Advocates, including Age Discrimination Commissioner Susan Ryan, believe age discrimination is a rising trend. There were 32 Queensland-wide age discrimination complaints in 2012-13[i] compared with 23 in 2011-12[ii]. Compounding the problem is that the issue, legally, is quite new (the Age Discrimination Act was only introduced in 2004) and many older people may be unsure of their rights and/or reticent to take action. Commissioner Ryan recently told SBS Radio[iii] it was of particular concern for older people from non-english speaking backgrounds who were often afraid to speak up.
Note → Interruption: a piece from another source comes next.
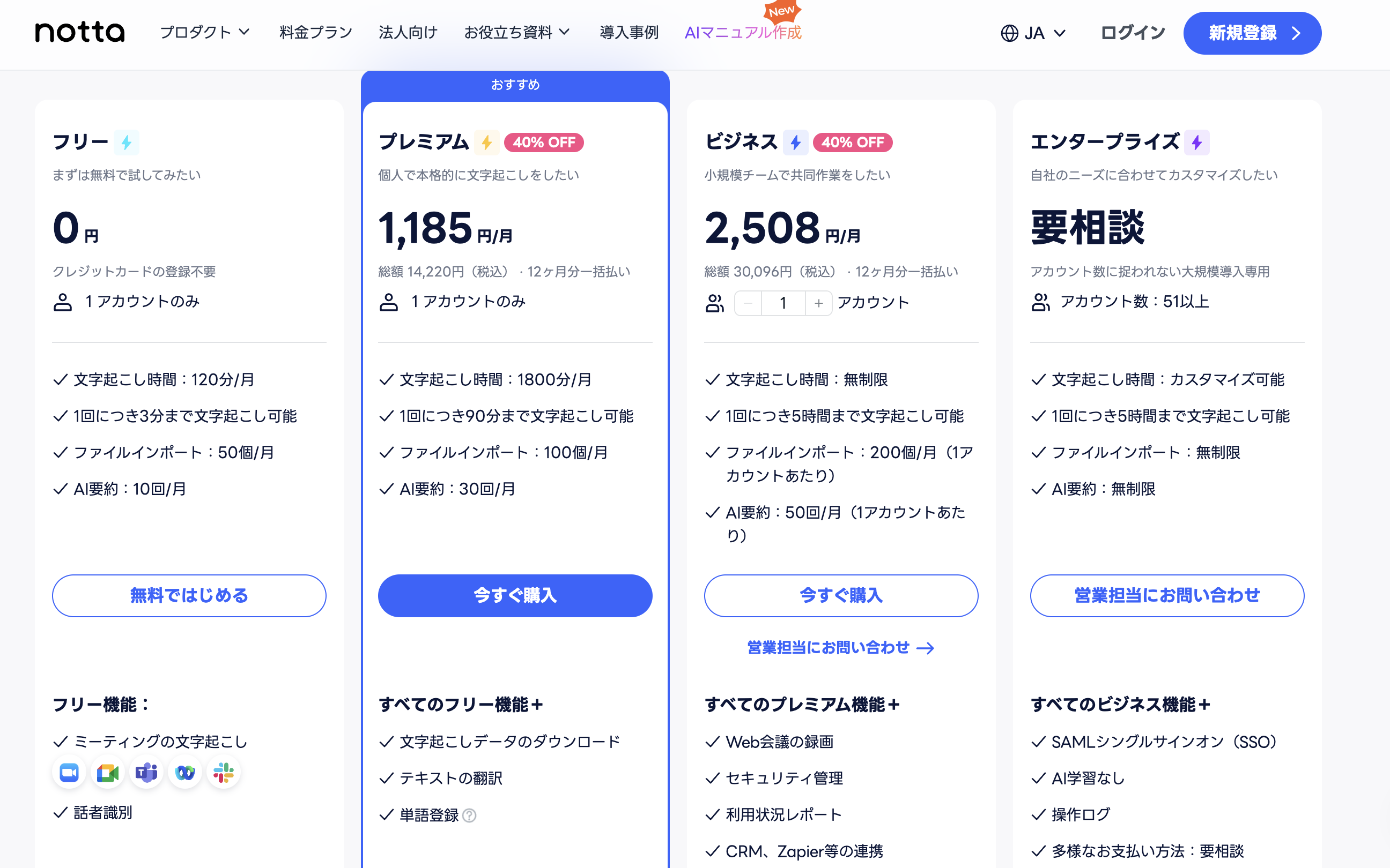 特徴:42か国語に対応(日本語、英語、中国語など)音声翻訳と自動文字起こし機能議事録を保存可能
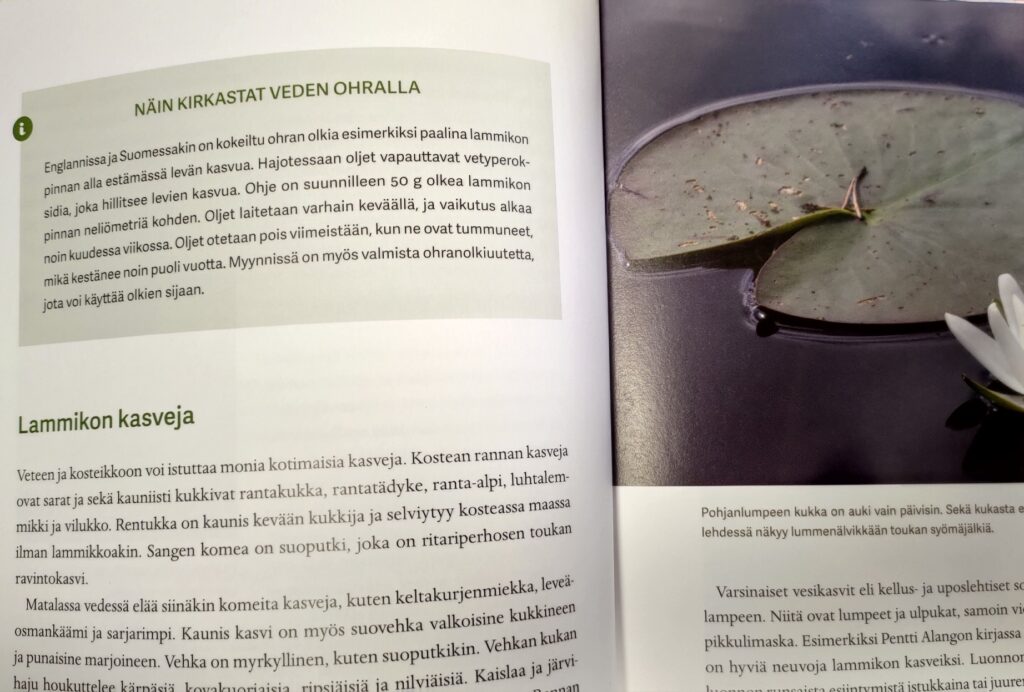 Kirjasta löytyy ohjeita paitsi erilaisten vesiaiheiden rakentamiseen, myös niiden hoitoon luonnonmukaisesti. Pihalampeen ei toki voi mitään puhdistuskemikaaleja käyttää!

Whether the barriers are linguistic or cultural, or the discrimination is direct or indirect, the key issue to note is that the law is designed to protect employees from discrimination based on their age.
Anti-discrimination legislation also prohibits termination and adverse action due to an employee’s:
- sexual orientation
- physical or mental disability
- marital status
- family or carer’s responsibilities
- political opinion
- national extraction; or social
However it should be noted that state and federal legislation varies slightly on the characteristics /grounds which may form the basis of a discrimination complaint. Generally speaking, there is an exception if the discriminatory action is taken due to the inherent requirements of the particular position occupied by the employee.
So what do you need to know if you believe you have been subjected to age discrimination?
- It is illegal to sack someone because of their age.
- You can seek compensation and the imposition of penalties as a result of discrimination.
- You can take legal action against both your employer and any co-workers who discriminated against you.
- You can complain about discrimination to the Fair Work Ombudsman or to the Australian Human Rights Commission, or the anti-discrimination commission in your state.